With regard to the question of the title to the patent and the right of the various plaintiffs to maintain this action, while there were some suggestions in the trial memorandum of the plaintiff, and orally, that the plaintiffs National-Simplex-Bludworth, Inc., and Kelvin & Hughes, Limited, have certain rights under the patent, there was no evidence introduced to prove that this was so. Plaintiffs’ Exhibit 2, being the patent, shows on its face that it was issued to the plaintiff Henry Hughes & Son, Limited, and from the authorities which the Court was able to find, it appears that the issuance of a patent to a person prima facie entitles that person to maintain an action for its infringement.
The only evidence in the case bearing upon title to the patent, other than the patent itself, was plaintiffs’ Exhibit 5, the agreement dated April 17, 1940, between Henry Hughes & Son, Limited, and International Projector Corporation, and plaintiffs’ Exhibit 4, the agreement dated August 1, 1950, between Kelvin & Hughes, Limited, National-SimplexBludworth, Inc., and International Projector Corporation. By the first agreement Henry Hughes & Son, Limited, granted a license under various patents, including the one in suit, to International Projector Corporation. Henry Hughes & Son, Limited, excepted from that license the component part of an echo sounder called a receiving and transmitting oscillator covered by the patent in suit (thus International Projector Corporation is a mere licensee and not a necessary party to a suit for infringement of the patent). Exhibit 4, dated August 1, 1950, purports to cancel the previous agreement of April 17, 1940, but Henry Hughes & Son, Limited, is not a party to the 1950 agreement, hence it cannot operate to cancel the pri- or agreement. By the 1950 agreement, Kelvin & Hughes, Limited, purports to grant certain rights in the patent in suit to National-Simplex-Bludworth, Inc., but there is no evidence that discloses any right in Kelvin & Hughes, Limited, to grant an interest in the patent. The record is devoid of evidence showing the transfer of any interest to Kelvin & Hughes, Limited, which would either permit them to sue for an infringement or to grant to National-Simplex-Bludworth, Inc., any rights under the patent. It therefore appeared to the Court that neither Kelvin & Hughes, Limited, nor National-Simplex-Bludworth, Inc., have any standing at all to sue for an infringement of the patent in suit.
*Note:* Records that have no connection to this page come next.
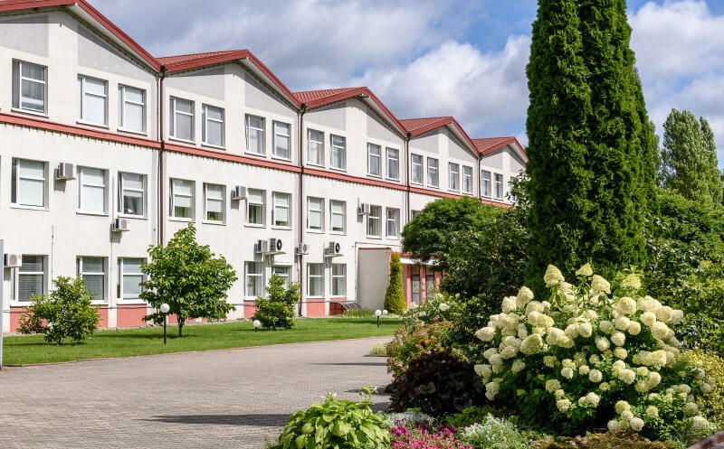 Первый и Второй жилые корпуса связаны с Главным корпусом закрытым переходом на уровне второго этажа.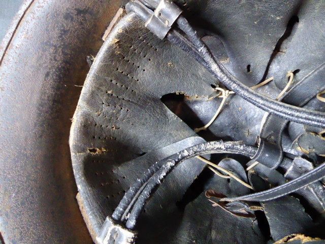 Aus meiner Sammlung gebe ich, einen alten 3. Reich Feuerwehr Stahlhelm schwarz mit Innenfutter und Trageriemen ab. Originaler Stahlhelm mit Resten der Original Lackierung, Innenfutter und Trageriemen. Kenner werden es sicherlich wissen was das für ein Stahlhelm ist. Das Teil ist auf jedenfalls Sammelwürdig. Alles andere entnehmen Sie Bitte den Fotos. Kann zu jederzeit bei mir besichtigt werden. Privatauktion keine Rücknahme und Garantie.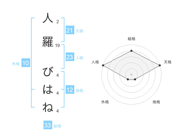 人羅 びはねさんを姓名の画数から五運を鑑定

There is one other problem in connection with the capacity of all the plaintiffs to sue. While the complaint alleges the corporate existence and capacity of each of the plaintiffs, and the defendants in their answer deny any information or knowledge as to the corporate existence of the plaintiffs, there was no proof introduced with reference to the incorporation and existence as a corporation of any of the parties plaintiff. However, the written stipulation entered into by the parties in paragraph 2 thereof agrees that the Court has jurisdiction of the subject matter of this action and of the parties thereto. Further, the stipulation *150specifies the issues to be determined upon the present trial and those reserved for later determination, and in neither category is the issue of the corporate capacity or existence of plaintiffs found. The Court, therefore, construes this stipulation as at least an admission of the corporate existence of the parties plaintiff.
 With reference to the validity of Claim 4, in the first place the issuance of the letters patent is prima facie evidence of its validity. Cantrell v. Wallick, 117 U.S. 689, 6 S.Ct. 970, 29 L.Ed. 1017; Diamond Rubber Co. of New York v. Consolidated Rubber Tire Co., 220 U. S. 428, 31 S.Ct. 444, 55 L.Ed. 527; Bianchi v. Barili, 9 Cir., 168 F.2d 793, 795. This presumption of validity, which arises upon the issuance of the patent, is strengthened when, as in this case, the alleged anticipating patents were considered by the patent office in connection with the patent in suit. Bianchi v. Barili, supra. Furthermore, as stated by Judge Garrecht in his opinion in the Bianchi ease, supra, “before a patent can be declared invalid because of anticipation, its lack of novelty must be established beyond a reasonable doubt.” (Citing cases.)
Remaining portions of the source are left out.